- _Input for this task_
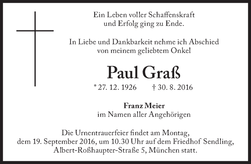 Hier finden Sie alle Traueranzeigen aus der Zeitung, die bisher für Paul Graß erschienen sind. Weitere Traueranzeigen, die in der Zeitung erscheinen, werden hier ebenfalls aufgelistet
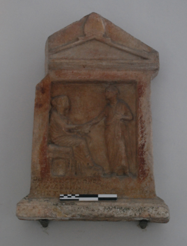 Alla medesima datazione rinviano anche alcuni particolari stilistici, come per esempio le proporzioni massicce delle figure, l'accentuazione del volume della testa e l'esecuzione frettolosa del panneggio. Tra il II e il I sec. a.C., in area greco-orientale, si assiste a una produzione di stele mediocre e corsiva, rispetto alla quale tuttavia il rilievo in esame denota una certa accuratezza nella resa dei particolari. Un confronto molto vicino sia per lo stile che per l'atteggiamento e il panneggio delle figure, è una stele con dexiosis conservata al Museo di Myconos.
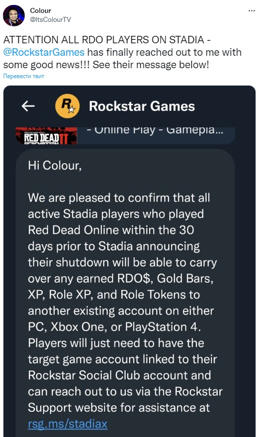 614Rockstar Games пришла к решению проблемы, нависшей над всеми «ковбоям» в Red Dead Online, игравшими через Google Stadia. В частном порядке сотрудники компании сообщили тому самому парню, который «дистанционно» наиграл 6 тысяч часов в RDO, что игровой прогресс (включая опыт, деньги, золото и др.) можно перенести на ПК, PlayStation 4 или Xbox One.
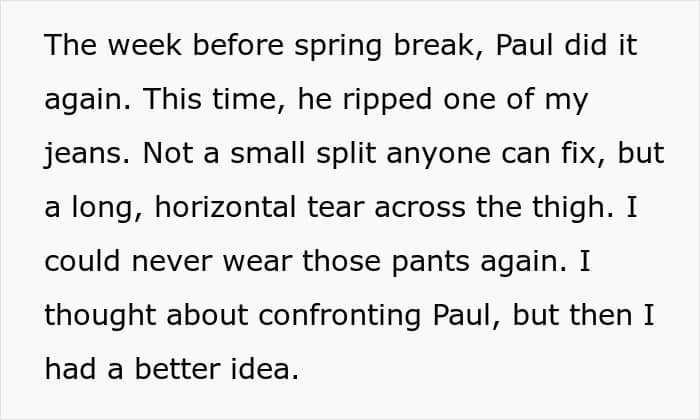 Unfortunately, the original poster (OP) wasn’t the right person to cross. Especially after permanently ruining a pair of his jeans.
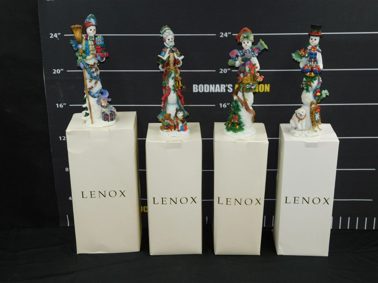 Lot of 4 Lenox Pencil Snowmen Figurines including 2002 – Winter Guest, 2003 – Winter Harmony, 2002- Winter’s Host, and 2001 – Winter Partner. All come in original boxes. All need to be cleaned. Largest measures 12" tall x 3.5". All invoices must be paid within 24 hours of the sale. This auction is Local Pick Up, Shipping with Liveauctioneers Live Ship or with the Local UPS Store in Monmouth Junction, NJ. Local pickups are at our Monmouth Junction location on Friday, Saturday and Monday ONLY! All pickups are by appointment only. Any condition issues will be listed in the description. Please read the terms for full information.
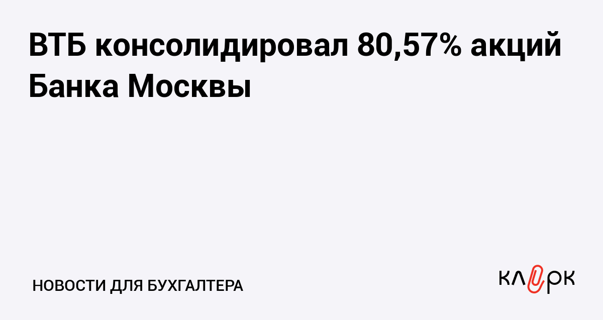 ВТБ консолидировал 80,57% акций Банка Москвы

- _Work to be completed_
Repeat, exactly and in full, all the material above except its pictures.

- _Exercise solution_
 Hier finden Sie alle Traueranzeigen aus der Zeitung, die bisher für Paul Graß erschienen sind. Weitere Traueranzeigen, die in der Zeitung erscheinen, werden hier ebenfalls aufgelistet
 Alla medesima datazione rinviano anche alcuni particolari stilistici, come per esempio le proporzioni massicce delle figure, l'accentuazione del volume della testa e l'esecuzione frettolosa del panneggio. Tra il II e il I sec. a.C., in area greco-orientale, si assiste a una produzione di stele mediocre e corsiva, rispetto alla quale tuttavia il rilievo in esame denota una certa accuratezza nella resa dei particolari. Un confronto molto vicino sia per lo stile che per l'atteggiamento e il panneggio delle figure, è una stele con dexiosis conservata al Museo di Myconos.
 614Rockstar Games пришла к решению проблемы, нависшей над всеми «ковбоям» в Red Dead Online, игравшими через Google Stadia. В частном порядке сотрудники компании сообщили тому самому парню, который «дистанционно» наиграл 6 тысяч часов в RDO, что игровой прогресс (включая опыт, деньги, золото и др.) можно перенести на ПК, PlayStation 4 или Xbox One.
 Unfortunately, the original poster (OP) wasn’t the right person to cross. Especially after permanently ruining a pair of his jeans.
 Lot of 4 Lenox Pencil Snowmen Figurines including 2002 – Winter Guest, 2003 – Winter Harmony, 2002- Winter’s Host, and 2001 – Winter Partner. All come in original boxes. All need to be cleaned. Largest measures 12" tall x 3.5". All invoices must be paid within 24 hours of the sale. This auction is Local Pick Up, Shipping with Liveauctioneers Live Ship or with the Local UPS Store in Monmouth Junction, NJ. Local pickups are at our Monmouth Junction location on Friday, Saturday and Monday ONLY! All pickups are by appointment only. Any condition issues will be listed in the description. Please read the terms for full information.
 ВТБ консолидировал 80,57% акций Банка Москвы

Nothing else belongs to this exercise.